Can we do a better job of emphasizing the fact that we support more than just
images?

------
hagbardgroup
* Text should not be centered.

* The Unique Selling Proposition (USP) needs to be more prominent. The quote box draws in the eye. There are no faces or other images to attract the eye to where you want it to be.

* The About/Goodwill/etc. tabs break basic usability guidelines. The user is unlikely to realize that the blue means 'selected.' This non-intuitive relative to scrolling.

* USP is too heavy on features and not enough on benefits. Say what's in it for the user and less on what the thing is.

* The table with the users is OK but you would get more persuasive lift from attributed testimonials like the one you have above it from the HN guy.

* The supporting copy needs a red marker through 90% of it.

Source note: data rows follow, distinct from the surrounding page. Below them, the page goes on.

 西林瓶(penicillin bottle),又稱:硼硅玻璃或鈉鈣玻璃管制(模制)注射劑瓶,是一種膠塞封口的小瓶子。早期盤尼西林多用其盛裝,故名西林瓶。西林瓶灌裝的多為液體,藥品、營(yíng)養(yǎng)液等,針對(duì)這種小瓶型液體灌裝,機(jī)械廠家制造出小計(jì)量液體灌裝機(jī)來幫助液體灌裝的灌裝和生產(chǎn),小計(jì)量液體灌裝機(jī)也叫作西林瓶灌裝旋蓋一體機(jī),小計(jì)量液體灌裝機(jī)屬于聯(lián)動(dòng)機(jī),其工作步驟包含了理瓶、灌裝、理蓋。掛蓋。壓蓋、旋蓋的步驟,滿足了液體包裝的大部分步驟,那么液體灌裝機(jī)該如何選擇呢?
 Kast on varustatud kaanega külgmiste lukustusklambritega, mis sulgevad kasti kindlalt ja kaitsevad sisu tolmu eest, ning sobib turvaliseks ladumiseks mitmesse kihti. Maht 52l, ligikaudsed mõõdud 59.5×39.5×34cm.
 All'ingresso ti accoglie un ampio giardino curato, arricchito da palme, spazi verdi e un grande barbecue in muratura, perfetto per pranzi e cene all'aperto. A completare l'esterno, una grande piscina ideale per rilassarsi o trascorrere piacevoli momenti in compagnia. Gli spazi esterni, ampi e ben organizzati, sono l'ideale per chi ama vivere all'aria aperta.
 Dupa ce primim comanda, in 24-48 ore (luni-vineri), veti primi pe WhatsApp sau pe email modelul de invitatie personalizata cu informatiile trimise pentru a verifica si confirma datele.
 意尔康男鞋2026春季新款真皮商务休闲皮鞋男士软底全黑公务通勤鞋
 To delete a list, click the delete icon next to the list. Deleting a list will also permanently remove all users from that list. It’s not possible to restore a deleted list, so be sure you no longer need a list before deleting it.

* "We make sharing stuff suck less." \-- sounds cool in an affable internet cool guy kind of way, but does not actually communicate in a way that drives the reader to action.

The old version is actually a little bit better, although the animated GIF
where it is will keep the visitors' eyes bouncing to it repeatedly as it
loops, which impedes comprehension. The old version also uses too many h2
subheadings and would be more appropriate for an FAQ. h2 is too big for such
short snippets of text.

Also, I like the GIF -> HTML5 conversion bit in the original, because it shows
a benefit of your service. Seeing the video play bar on mouseover was also a
pleasant surprise. I would explain why your prospective user might want to do
that (make your pages load faster to make your readers happier and more loyal)
without using jargon. 'Kilobyte' is jargon, as is KB.

Apart from that the navigation on the website isn't clear. The About page also
doesn't drive me to sign up -- your call to action at the bottom of the first
tab is to check out your subreddit, IRC channel, and twitter account. The
general convention is to ask for the signup and then to provide the option to
learn more if they're not sold yet.

Some more general suggestions:

1\. Excise all the technical terms (yes, even references to file types -- say
what the file is) from the portions not targeted to developers.

2\. Weight the benefits heavier than the features (tell me what it will do for
me and then explain how it will do it rather than telling me how it'll do it
and expecting me to figure out why I, the selfish and lazy user, should care).

3\. I would work on refining the 'Mediacrush is a fast, open-source media
hosting service' tagline.

Hope this was helpful -- good luck!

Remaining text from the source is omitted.